# Auditory Processing of Complex Sounds

> **NIH NIH R01** · UNIVERSITY OF ROCHESTER · 2024 · $632,710

## Abstract

We propose to explore the role of the medial olivocochlear (MOC) efferent system in enhancing and
“sharpening” the encoding of complex sounds. We will use extracellular recordings in awake animals of inferior
colliculus (IC) and ventral nucleus of the trapezoid body, where MOC neurons are located. We also propose
psychophysical studies in humans, click-evoked otoacoustic-emission measurements, and a new
computational model that includes efferent pathways. In previous grant cycles, we discovered a novel neural-
coding strategy based on relatively slow fluctuations in the responses of auditory-nerve (AN) fibers, referred to
as neural fluctuations (NFs). For listeners with normal hearing, contrasts in NF profiles along the tonotopic axis
provide a robust code for spectral peaks and valleys across a wide range of sound levels and frequencies, as
well as in noise, but NF contrasts are adversely affected by sensorineural hearing loss.

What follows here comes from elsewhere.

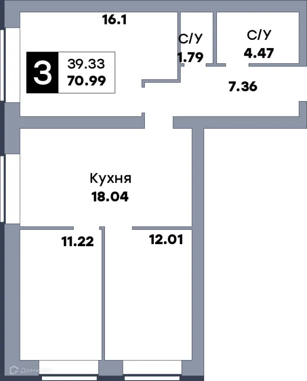 3 комн. квартира в Самаре в ипотеку от 52 653 руб/месяц

NF contrasts are
shaped by peripheral tuning and nonlinearities, which are in turn strongly affected by cochlear gain, motivating
our focus on the MOC system in this application. The MOC has traditionally been described as the hub of a
short reflex loop, with wide-dynamic-range inputs from the cochlear nucleus and an output that projects directly
to cochlear outer hair cells to modulate cochlear gain. An assumed role of the efferent system is to increase
the dynamic range of neurons, reducing rate saturation. It has not been possible to test this assumption using
AN recordings, but cochlear nucleus recordings in unanesthetized animals reveal that responses are saturated
at moderate levels and dynamic ranges are not increased, bringing into question this presumed function of the
efferent system. We propose a new concept: a purpose of the efferent system is to maintain and
enhance, or sharpen, NF contrasts. A less-studied but major input to the MOC descends from the IC.
Because nearly all IC neurons are sensitive to slow fluctuations on their inputs, NF contrasts are represented
by the profile of rates across the population of IC neurons. We hypothesize that IC input to the MOC
provides the NF-driven signal that is required by a control system that maintains and enhances NF
contrasts. The IC-rate profile, combined with the wide-dynamic-range input from the cochlear nucleus,
provides the efferent system with the information required to control NF contrasts across a wide range of
acoustic conditions. Exciting preliminary results support the hypothesis that this system actively sharpens the
representation of complex sounds. Our new computational model that includes efferent pathways provides
testable predictions for IC and MOC physiological responses and for psychophysical performance in human
listeners, with varying degrees of sensorineural hearing loss. Understanding nonintuitive effects of different
degrees of sensorineural hearing loss on NF profiles, in the context of dynamic MOC feedback, provides new
insight into the pe...

## Key facts

- **NIH application ID:** 10879659
- **Project number:** 2R01DC001641-33A1
- **Recipient organization:** UNIVERSITY OF ROCHESTER
- **Principal Investigator:** Laurel H. Carney
- **Activity code:** R01 (R01, R21, SBIR, etc.)
- **Funding institute:** NIH
- **Fiscal year:** 2024
- **Award amount:** $632,710
- **Award type:** 2
- **Project period:** 1992-07-01 → 2029-07-31

## Primary source

NIH RePORTER: https://reporter.nih.gov/project-details/10879659

## Citation

> US National Institutes of Health, RePORTER application 10879659, Auditory Processing of Complex Sounds (2R01DC001641-33A1). Retrieved via AI Analytics 2026-05-26 from https://api.ai-analytics.org/grant/nih/10879659. Licensed CC0.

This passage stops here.